Single Needle Granulocyte and Monocyte Apheresis for Ulcerative Colitis: A Retrospective Safety Analysis
Tetsurou Imai 1, Hiroshi Yamasaki 2 3 4, Keiichi Mitsuyama 3, Osamu Yamaga 1, Gaku Sugihara 1, Yusuke Kaida 5, Ryo Shibata 5, Takuma Hazama 5, Shinichiro Yoshioka 2 3, Takuji Torimura 2, Kei Fukami 5, Norio Yamashita 6
Introduction: Granulocyte and monocyte apheresis (GMA) is an effective treatment strategy for active ulcerative colitis (UC) in Japan. Single needle (SN) apheresis reduces needle puncture pain in patients because it requires only one puncture site. We evaluated whether single-needle apheresis could be a safe and effective means of reducing patient burden. Method: We performed a retrospective study of active UC patients who were treated with either SN apheresis or conventional double-needle (DN) apheresis at the Kurume university hospital from April 2014 to March 2018. All the patients treated with GMA after September 2016 underwent SN apheresis. Thus, the two groups predominantly belonged to different time periods. We assessed the safety of SN apheresis. Result: Six patients underwent SN apheresis, and 6 underwent DN apheresis. The average time to the start of apheresis was significantly reduced from 23.1 minutes in the case of DN apheresis to 12.6 minutes for SN apheresis. In addition, the number of difficult punctures was significantly reduced with SN apheresis. There were no differences in adverse events between SN and DN apheresis. Treatment benefits, remission rate and disease activity were similar between SN and DN apheresis.Conclusion: SN apheresis reduced both the time to treatment initiation and pain during puncture, and there was no difference in the number of blood clotting episodes as compared with DN. Although further comparative studies are needed, SN apheresis may be a safe alternative for patients to reduce the strain of treatment.
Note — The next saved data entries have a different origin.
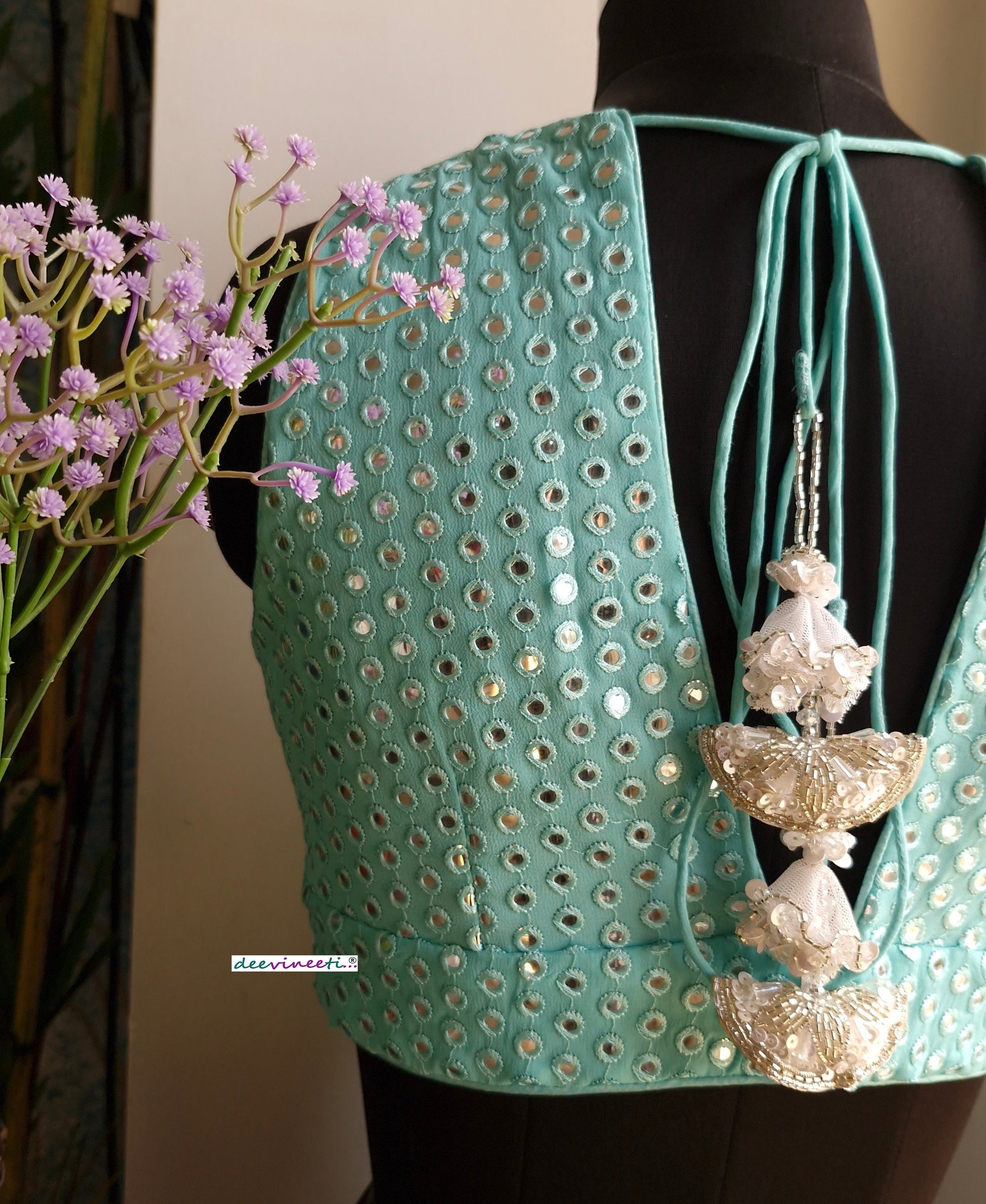 Please note the fringes in the blouse are handmade hence fragile. Please handle with care.
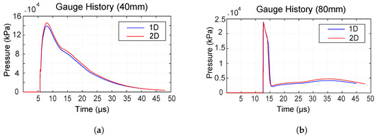 Convergence analysis between 1D and 2D. (a) Incident pressure histories at 40 mm [44], (b) Incident pressure histories at 80 mm.
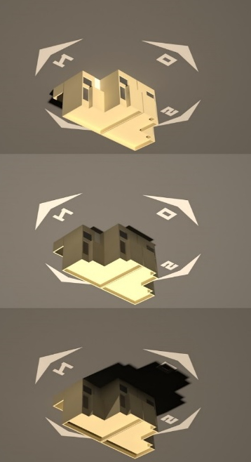 En invierno: se puede observar que, por la forma y disposición de las viviendas solo una vivienda es beneficiada por el asoleamiento, siendo esta misma quien obstruye parte del asoleamiento a la vivienda inmediata, esto asociado a la mala configuración de su forma, el asoleamiento no es equitativo. Las áreas de la vivienda beneficiadas por el asoleamiento son la sala, comedor y las recamaras “1” y “2” de la vivienda más cerca del sur.
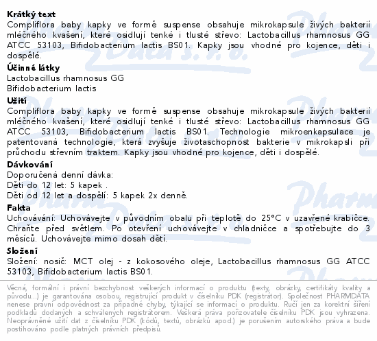 Compliflora baby kapky ve formě suspense obsahuje mikrokapsule živých bakterií mléčného kvašení, které osidlují tenké i tlusté střevo: Lactobacillus rhamnosus GG ATCC 53103, Bifidobacterium lactis BS01. Kapky jsou vhodné pro kojence, děti i dospělé.

Single-Needle Intensive Granulocyte and Monocyte Adsorptive Apheresis Is Suitable for Elderly Patients With Active Ulcerative Colitis Taking no Corticosteroids or Biologics
Takumi Fukuchi 1, Hideaki Koga 1, Shinji Kaichi 1, Akira Ishikawa 2, Takahisa Horita 3, Ryota Araki 4, Atsushi Yokota 5, Yukiomi Namba 6, Masahiro Kyo 7, Takaaki Eguchi 8, Keiji Shimazu 9 Ther Apher Dial 2019 Jun;23(3):224-232
Single-needle intensive granulocyte/monocyte adsorptive apheresis might be a novel alternative therapeutic option for elderly ulcerative colitis patients before considering corticosteroids.
Efficacy and usefulness of new single-needle Intensive granulocyte and monocyte adsorptive apheresis in active ulcerative colitis patients without corticosteroids and biologics
Keiji Shimazu 1, Takumi Fukuchi 2, Insung Kim 3, Yuki Noguchi 3, Megumi Iwata 1, Shintaro Koyama 2 4, Satoshi Ubukata 2, Atsuo Tanaka 1 , Ther Apher Dial 2016 Aug;20(4):383-9.
Intensive granulocyte and monocyte adsorptive apheresis (GMA) twice weekly is effective and safe for patients with active ulcerative colitis (UC), but the requirement for maintaining two blood access routes is problematic. Here we compared the efficacy and safety of one-route blood access intensive GMA using a single-needle (SN) and conventional two-route blood access intensive GMA using a double-needle (DN) in patients with active UC not undergoing corticosteroid therapy. Among 80 active UC patients, 38 patients received SN intensive GMA and 42 patients received DN intensive GMA. The clinical remission ratio and mucosal healing ratio at 6 weeks, and the cumulative non-relapse ratio at 52 weeks did not differ significantly between groups. In addition, no serious or mild adverse effects were observed in SN intensive GMA. SN intensive GMA may be an adequate and novel therapeutic option for active UC as an alternative therapy before using corticosteroids.